Source data: Begin
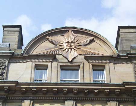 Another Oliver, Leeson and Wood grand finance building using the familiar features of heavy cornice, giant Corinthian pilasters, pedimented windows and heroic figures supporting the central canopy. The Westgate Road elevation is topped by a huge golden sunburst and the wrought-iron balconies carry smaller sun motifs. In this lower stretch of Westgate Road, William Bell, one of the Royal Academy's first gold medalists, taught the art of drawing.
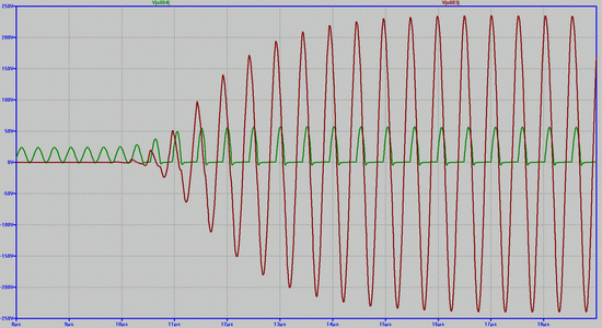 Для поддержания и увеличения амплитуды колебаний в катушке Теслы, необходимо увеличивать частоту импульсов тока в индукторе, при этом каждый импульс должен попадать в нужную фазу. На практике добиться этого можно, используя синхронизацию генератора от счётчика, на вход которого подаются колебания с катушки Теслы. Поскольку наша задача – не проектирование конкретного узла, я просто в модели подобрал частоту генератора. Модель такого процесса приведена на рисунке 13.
Source data: End
Source data: Begin
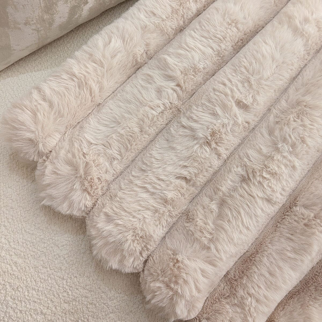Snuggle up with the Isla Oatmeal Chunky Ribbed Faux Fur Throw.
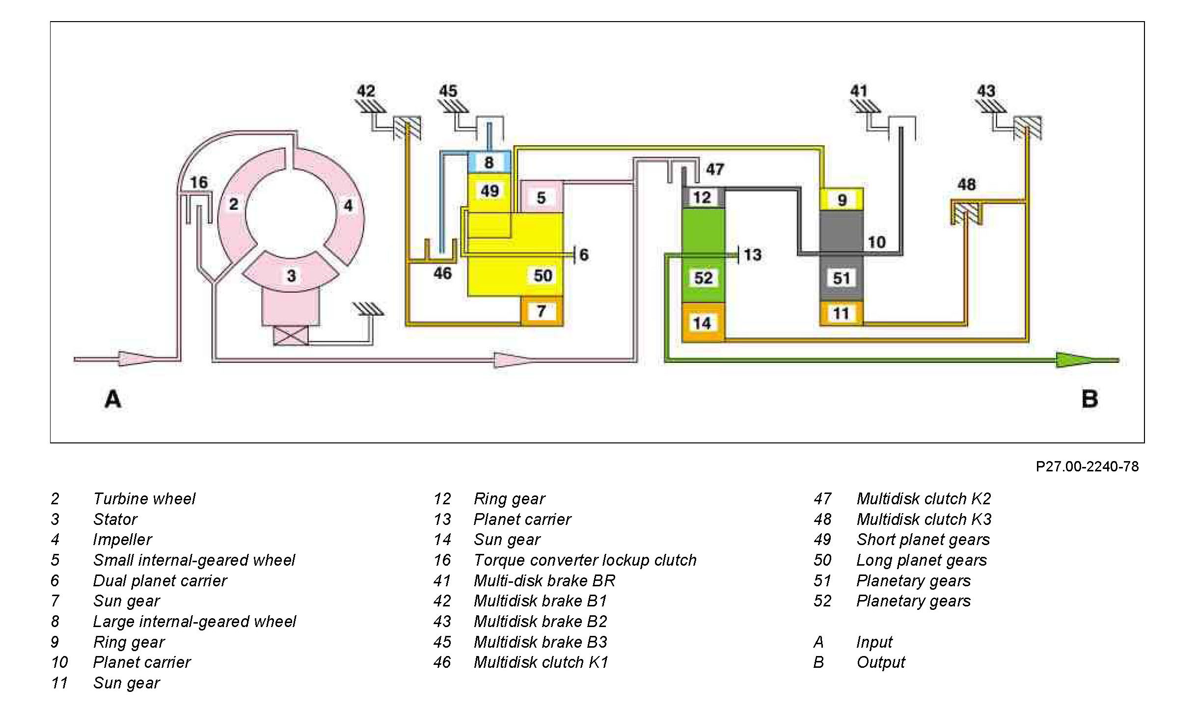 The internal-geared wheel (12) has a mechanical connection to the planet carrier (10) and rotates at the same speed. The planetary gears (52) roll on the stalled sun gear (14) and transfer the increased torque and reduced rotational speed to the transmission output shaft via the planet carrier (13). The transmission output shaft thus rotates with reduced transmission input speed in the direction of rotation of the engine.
Source data: End
Would you write out exactly the lines above, starting at the line containing "Another Oliver, Leeson" and stopping after the line containing "Для поддержания и"? Omit the pictures.

◆ **Completed task**
 Another Oliver, Leeson and Wood grand finance building using the familiar features of heavy cornice, giant Corinthian pilasters, pedimented windows and heroic figures supporting the central canopy. The Westgate Road elevation is topped by a huge golden sunburst and the wrought-iron balconies carry smaller sun motifs. In this lower stretch of Westgate Road, William Bell, one of the Royal Academy's first gold medalists, taught the art of drawing.
 Для поддержания и увеличения амплитуды колебаний в катушке Теслы, необходимо увеличивать частоту импульсов тока в индукторе, при этом каждый импульс должен попадать в нужную фазу. На практике добиться этого можно, используя синхронизацию генератора от счётчика, на вход которого подаются колебания с катушки Теслы. Поскольку наша задача – не проектирование конкретного узла, я просто в модели подобрал частоту генератора. Модель такого процесса приведена на рисунке 13.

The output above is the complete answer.